Sole Proprietor - Posted by B WADE

Posted by ToolBar_SC on July 09, 2001 at 15:34:35:

I’m not a tax professional but, a sole proprietorship is passed through to the individual’s tax return. It is no cusion between yourself and your tenants as far a a legal position is concerned. As a sole proprietorship you are as libel as you are now.

Creating a sole proprietorship in hopes of creating a cushion is a waste of time. A good fairly knowledgable tenant would see right through it.

If you do not to make changes on your taxes, and would also like provide youself some legal cushion; I would suggest forming an LLC. Depending on what state you are in you could form a single member LLC at very little expense. If your in one of the few states that require two members to form an LLC then get your spouse to be a non-voting member.

The only change that will take place on your taxes is in the form that will have to be filled out for the IRS. I don’t know what your states tax requirements are and you should check them out before proceeding.

Best of luck

Sole Proprietor - Posted by B WADE

Posted by B WADE on July 09, 2001 at 15:11:12:

Will putting my properties in a sole proprietorship have any effect taxwise as opposed to just having them as an individual? I own three duplexes and I’m just trying to put a little cushion between myself and tenants. Checks made payable to company instead of me,PO address ,cell phone instead of home no. etc.I know there are better ways of gaining anonynimity just want to make sure I’m not hurting myself at tax time. Thanks B Wade

Re: Sole Proprietor - Posted by William bronchick

Posted by William bronchick on July 10, 2001 at 09:13:21:

A sole proprietor is one who operates on schedule C as a business. You cannot do that with rentals; rental properties are reported on schedule E.

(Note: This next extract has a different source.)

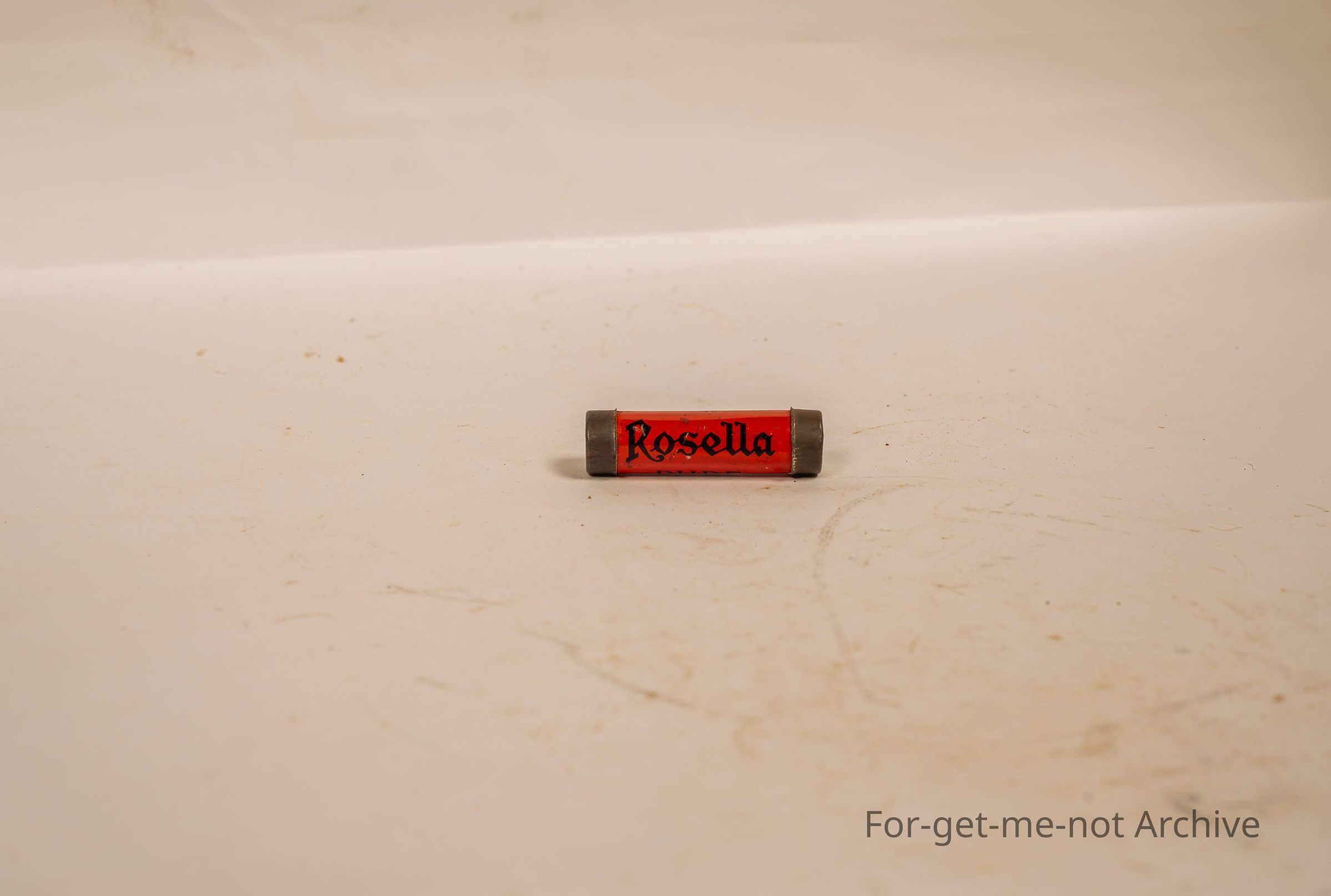 A small tin cylinder with a hole through either end, and a slot, from Rosella, which is typical showbag piece from very early days, pre 1920, had a string where you twirl it round over your head and the sound was very similar to a bird. A real showbag piece, value in very good conditionCollection
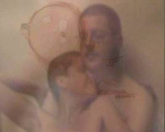 LA VIDEO : Vidéo, parlant du désir, et de son abîme.Une lumière rouge en rappelant l'urgence, est là, souvent présente. Un couple qui s'adonne à l'amour, mais dont on ne voit que les têtes. La femme se baignant de blanc,Des mots se superposant, parlant de ce désir, (extrait de "L'ange dans le couloir" de Jacques Roman) Le rouge envahissant l'image, laissant entrevoir une main...ou deux….Valse érotique parlant de l'intime, du lieu de l'intime. LES DESSINS :Transferts hésitants, personnages labiles, mots à peine lisible, un intime déposé sur le papier. LES GRAVURES : Gravures sur bois, tirées sur papier, dont les matrices sont prises ensuite dans des blocs de cire troublant ainsi l'image, jeu de transparence et d'opacité, matière devenant elle-même sensuelle

If you want to distance yourself, place title to your properties in land trusts, then form a management corporation to collect rents. When a tenant looks up the ownership of the property, they find only a trust with no further information. If anyone asks, you work for the property management company as an employee (the truth).

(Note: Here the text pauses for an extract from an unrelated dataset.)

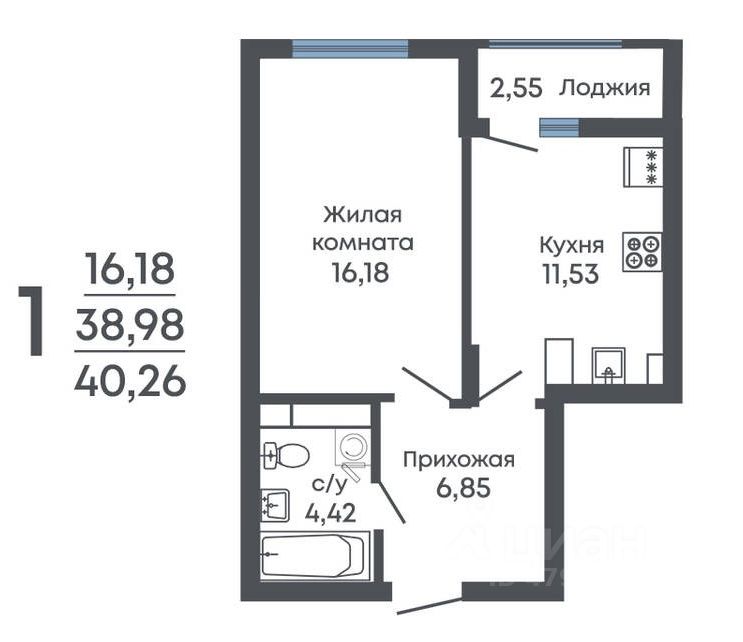 Общая площадь40,26 м2

Re: Sole Proprietor - Posted by JT - IN

Posted by JT - IN on July 09, 2001 at 22:53:08:

B Wade:

A sole proprietor, is an individual who is not incorporated, and does business in his name; (B Wade), or a dba such as BW’s Home Equity. By establishing a business name, you have avoided nothing, in terms of liability or asset protection, or distance from your tenants.

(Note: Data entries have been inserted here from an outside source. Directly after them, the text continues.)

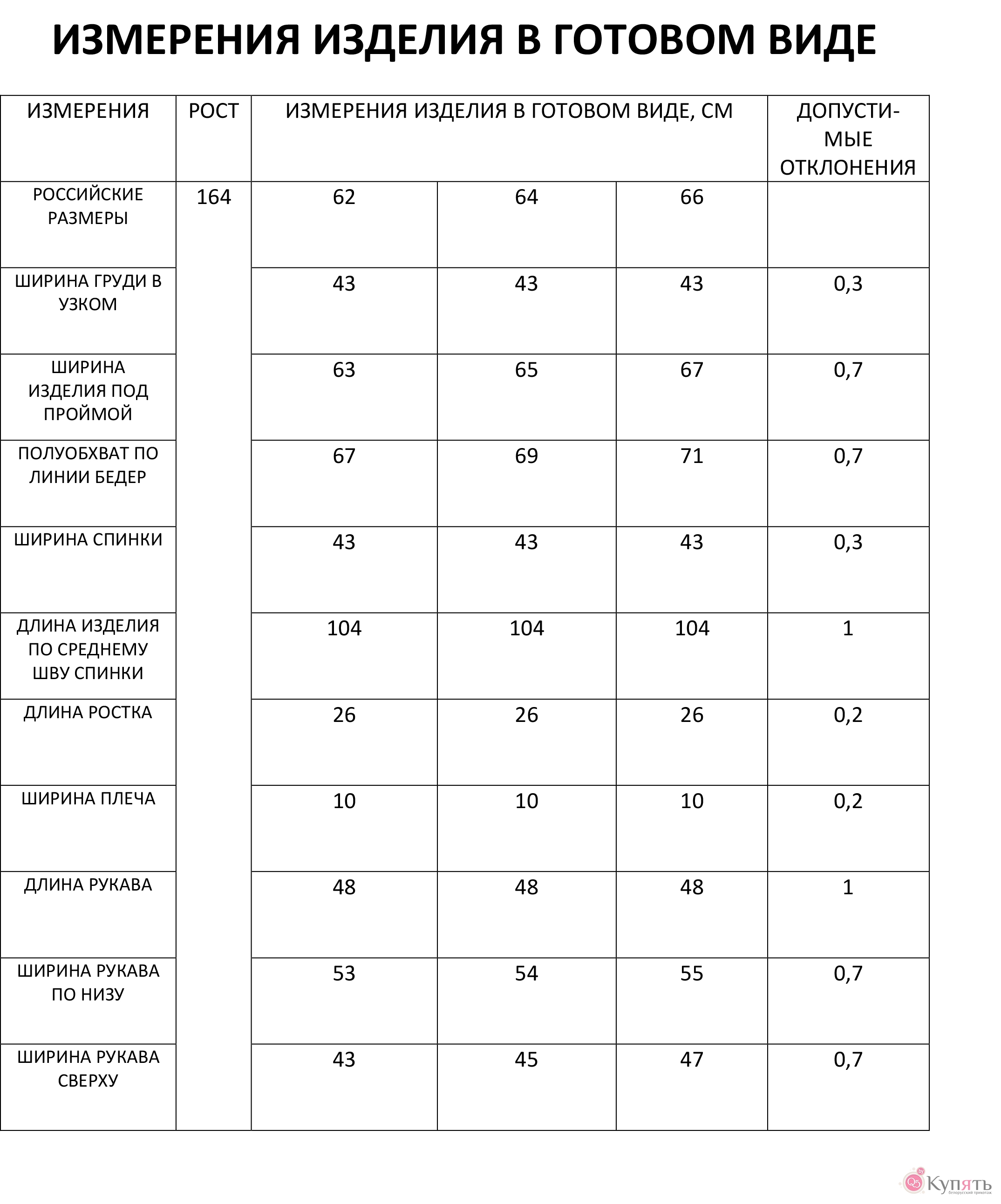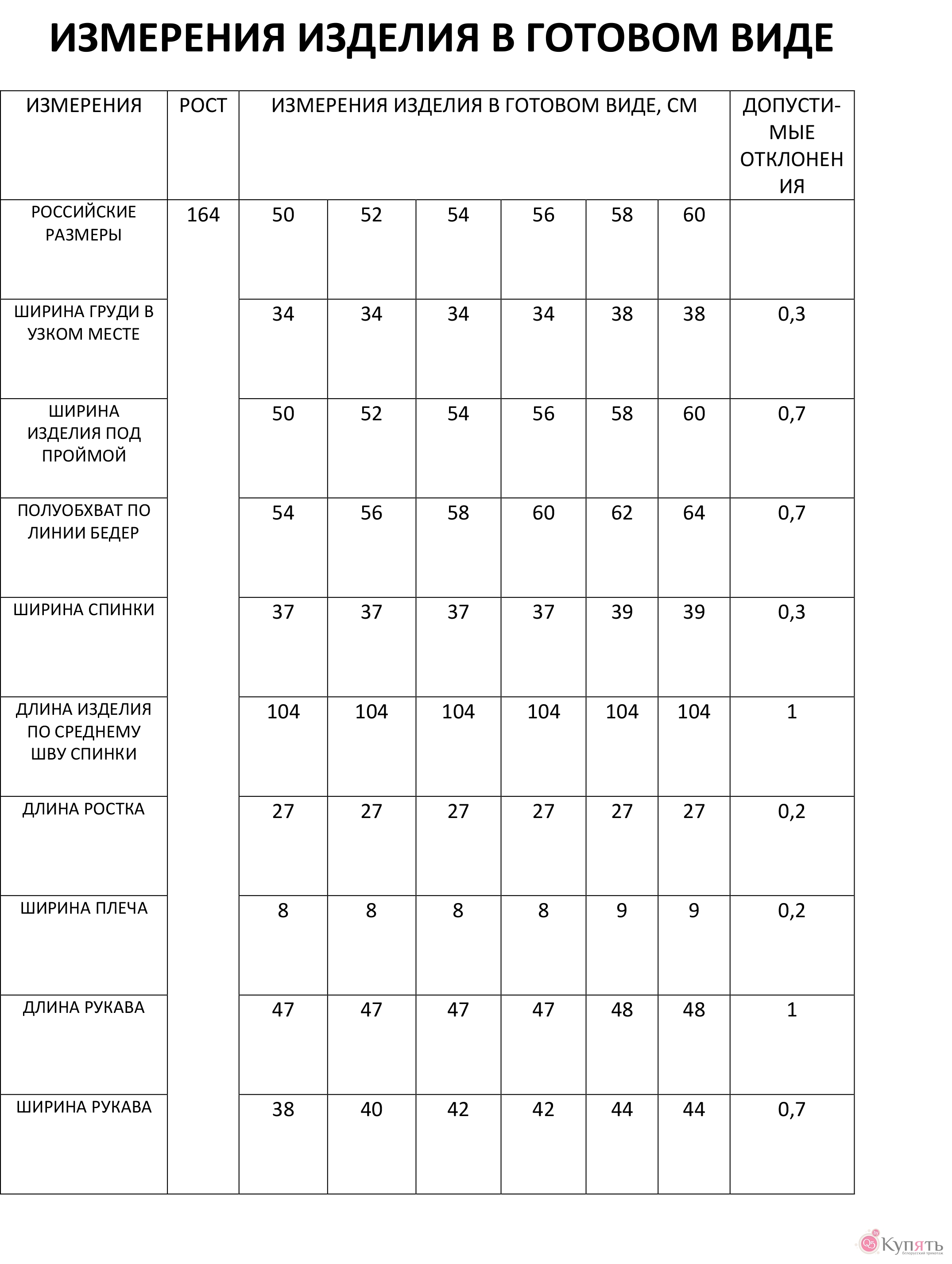 Таблица размеров
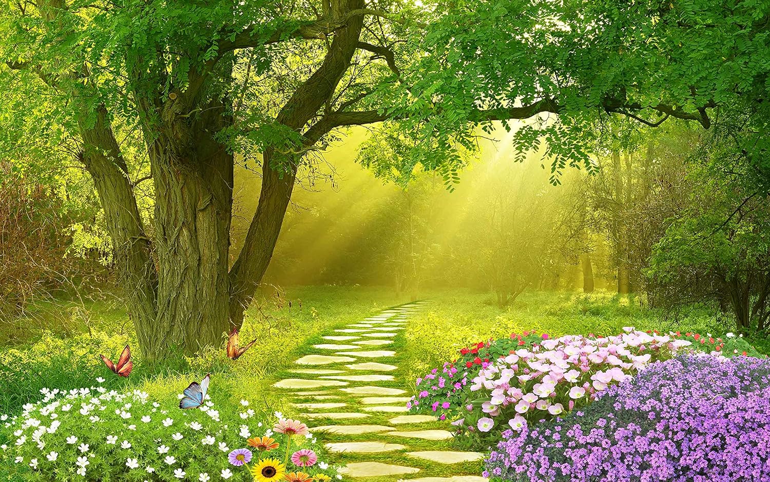 Forest Wallpaper Flower and Road in Forest Wall Mural for Bedroom Living Room TV Background Sofa Wall(Not Peel and Stick)
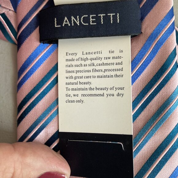 Vintage Lancetti Tie Silk Necktie Diagonal Striped Deadstock New With Tag still on
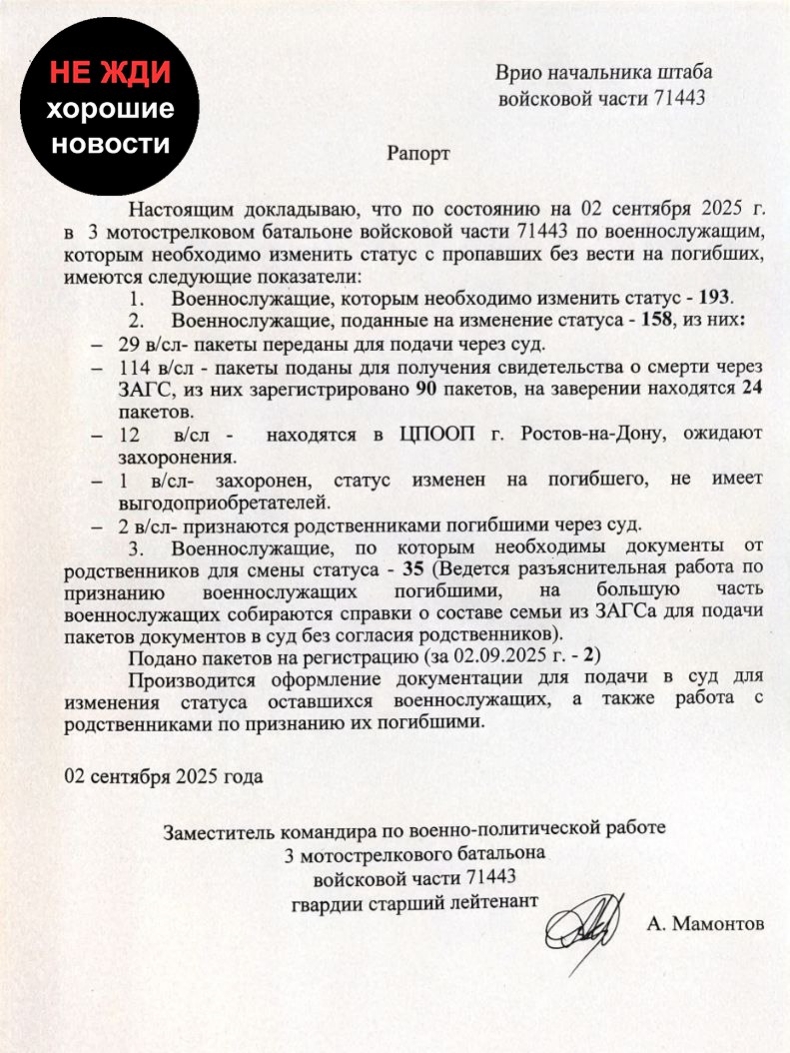 У 3-му мотострілецькому батальйоні 9-ї окремої мотострілецької бригади (в/ч 71443) зафіксовані колосальні втрати особового складу. Про це свідчить рапорт заступника командира з військово-політичної роботи гвардії старшого лейтенанта А. Мамонтова від 2 вересня 2025 року, опублікований в Telegram-каналі «Не жди хорошие новости».

Additionally, tax-wise, a sole proprietor’s tax burden will be larger, as an active investor, than that of an incorporated entity, due to self-employment taxes. The income tax burdens are relatively the same, either way, but the added self empl tax could be substantial, as much as an extra $ 5 to 8K per year, on a net income of of $ 78K or larger.

You may want to consider Bronchicks course, “The ABC of Asset Protection”, which is available on this site, for a nominal amt of cash.

The benefits of incorporating or forming an LLC can be substantial over that of a sole proprietor. Again, you do not form a sole proprietorship. Absent forming any other business entity, as a Corp., Partnership or LLC, you automatically are a Sole Proprietor, if you are in business for yourself.

Hope this helps clarify matters.


Re: Sole Proprietor. You need to ask Bronchick - Posted by M.garv (IL)

Posted by M.garv (IL) on July 09, 2001 at 22:31:25:

I have been told that sole proprietors pay in huge tax brackets and miss out on a great number of tax advantages than a coorperation. My advice to you is to post this question to william bronchick or go to his website at He is very educated and deals with all kinds of tax situations and from what I’ve seen he would be more than willing to help you out on this situation. He is a regular contributer on this website as well as his own.
Hope I could help
M.garv (IL)

Re: Sole Proprietor - Posted by Ronald * Starr

Posted by Ronald * Starr on July 09, 2001 at 22:30:15:

B. Wade-------

I’m not going to talk about the tax issue. I’m not qualified.

In CA we have what we call a “fictious business statement,” commonly referred to as a “doing business as…” I assume that this is what you mean by a “sole proprietorship.” It is registered with the county and one can get a bank account in the dba name.

This is a very public record which a sophisticated renter could look at easily. However, many will not think to check it out. I used to have all my checks made out to my dba name, which was OXO Property Management. I let everybody think that I was the manager of the property, not the owner.

Slowly, I have shifted the renters over to making the checks out to my name. I now tell potential renters when they look at the house that I am the owner, if they ask. I have decided that there is really not much benefit to have that “cushion” as you call it.

My renters don’t call me much unless they have a problem. The phone is in my house. If I am there, I answer it. If not, they get the message machine. Perhaps if you had a lot of renters or some bothersome ones, it would be good to give them a phone number that has an answering machine and you never directly answer it.

I guess my suggestion would be to just use your own name until you find you are having some problems, then switch over to using a business name, at least with new renters.